OBJECTIVE

To compare the efficacy and safety of duloxetine and amitriptyline in painful diabetic neuropathy (PDN).

RESEARCH DESIGN AND METHODS

In this randomized, double-blind, cross-over, active-control trial, 58 patients received amitriptyline and duloxetine orally once daily at bedtime, each for 6 weeks with optional dose uptitration fortnightly. Single-blinded placebo washout was given for 2 weeks between the two treatments and a single-blinded placebo run-out phase of 4 weeks was given at the end of the treatment period. Pain relief was measured by the patient’s global assessment of efficacy, using a visual analog scale (0–100) as a primary end point, and overall improvement and adverse events were assessed as secondary outcome measures. Median pain score reductions of >50%, 25–50%, and <25% were considered good, moderate, and mild responses, respectively.

RESULTS

There was a significant improvement in pain with both treatments compared with their baseline values (P < 0.001 for both). Good, moderate, and mild pain relief was achieved in 55, 24, and 15% of patients, respectively, on amitriptyline and 59, 21, and 9% of patients, respectively, on duloxetine. There were no significant differences in various other outcome measures between the groups. Of the reported adverse events, dry mouth was significantly more common with amitriptyline than duloxetine (55 vs. 24%; P < 0.01). Although, numerically, more patients preferred duloxetine, overall this was not statistically significant (48 vs. 36%; P = 0.18).

CONCLUSIONS

Both duloxetine and amitriptyline demonstrated similar efficacy in PDN. A large, multicentric clinical trial in other populations could possibly demonstrate the superiority of either drug.

The management of painful diabetic neuropathy (PDN) includes intensive glycemic control and drugs for pain relief. The American Diabetes Association recommends amitriptyline, a tricyclic antidepressant, as the first choice; however, titration to higher doses is limited by its anticholinergic adverse effects (1). The selective serotonin norepinephrine reuptake inhibitor, duloxetine, is approved by the Food and Drug Administration for the treatment of PDN. It attenuates persistent pain mechanisms, including the central sensitization and hyperexcitability of the spinal and supraspinal pain-transmitting pathways. Duloxetine has been evaluated in placebo-controlled trials for a variety of chronic pain, including PDN (26). It not only relieves pain but also improves functionality and quality of life in patients with PDN. An extensive search of literature did not reveal any head-to-head comparison of duloxetine with amitriptyline, an established first-line therapy for PDN (1). Thus, the current study was planned to compare the efficacy and safety of duloxetine with amitriptyline in PDN.

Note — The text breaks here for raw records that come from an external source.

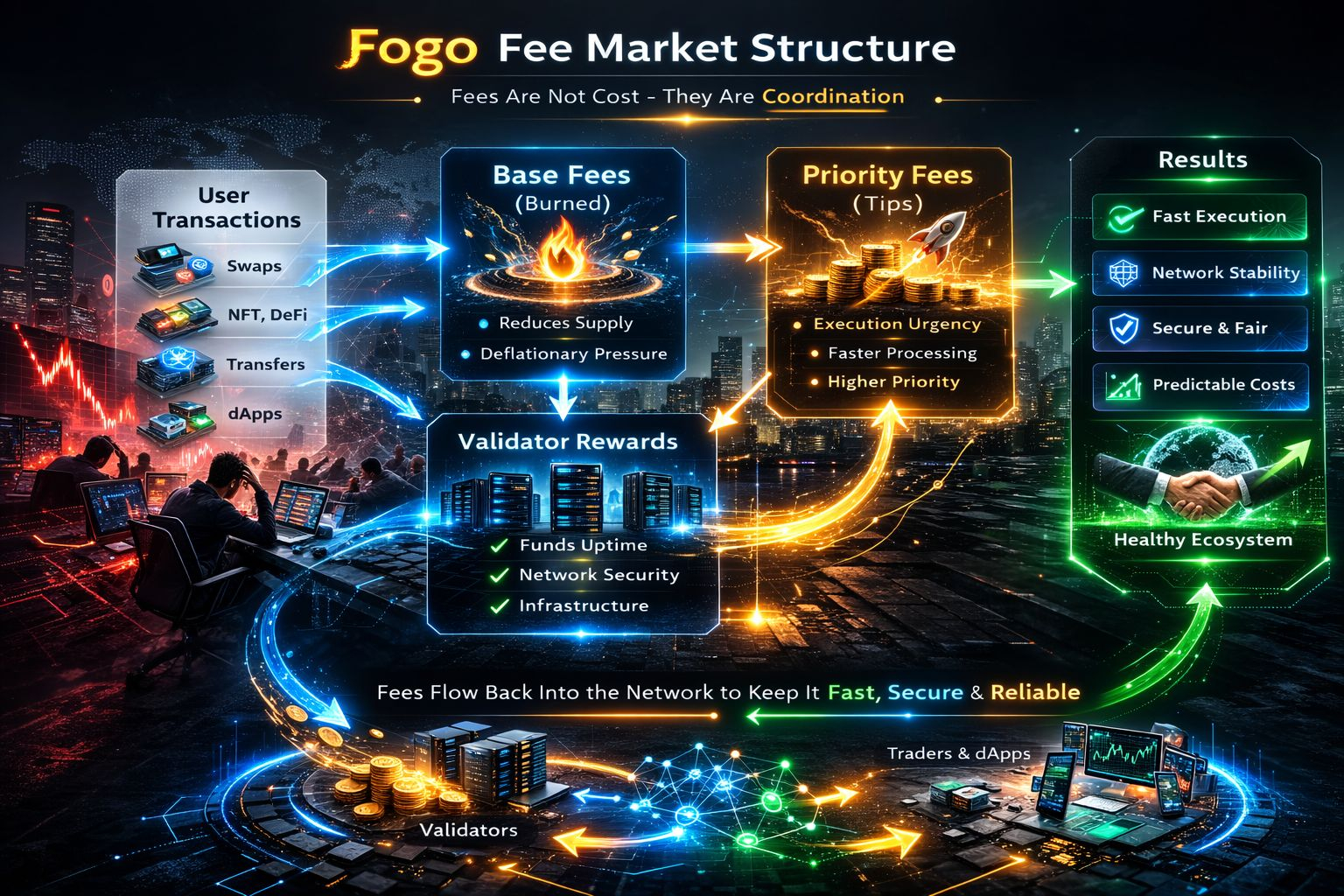 Fogo ist die Art von Kette, die dir zuerst aus dem offensichtlichen Grund auffällt. Sie ist schnell, sie fühlt sich scharf an, sie vermittelt dir diesen sauberen Eindruck eines Systems, das von Menschen entwickelt wurde, die besessen von der Ausführung sind. Aber Geschwindigkeit ist der einfache Teil, über den man sprechen kann, weil sie in Zahlen und Screenshots passt. Die eigentliche Frage ist, was passiert, wenn der Markt aufhört, höflich zu sein.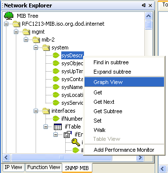 | SNMP Info | If node supports SNMP, it will query SNMP agent to get values and show them in a new dialog window. This menu can be customized by modifying the $INSTALL_DIR/client/config/snmpinfo.conf configure file. You can add or remove menu items. |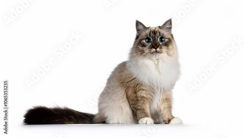 © Sonya, Fototapeta premium Ragamuffin cat sitting on white background.

Patients of either sex with type 2 diabetes, aged between 18 and 75 years, who were on stable glucose-lowering medications during the preceding month and who had PDN for at least 1 month were considered for the study. Patients who had a pain score of >50%, as assessed by visual analog scale (VAS), were enrolled in the study. Those previously exposed to medications for PDN, regardless of dose and duration, were considered after 2 weeks of placebo washout in a single-blind manner. The study was initiated after approval by the institutional ethics committee and was conducted following the principles of the Declaration of Helsinki. Written informed consent was obtained from each subject prior to enrollment.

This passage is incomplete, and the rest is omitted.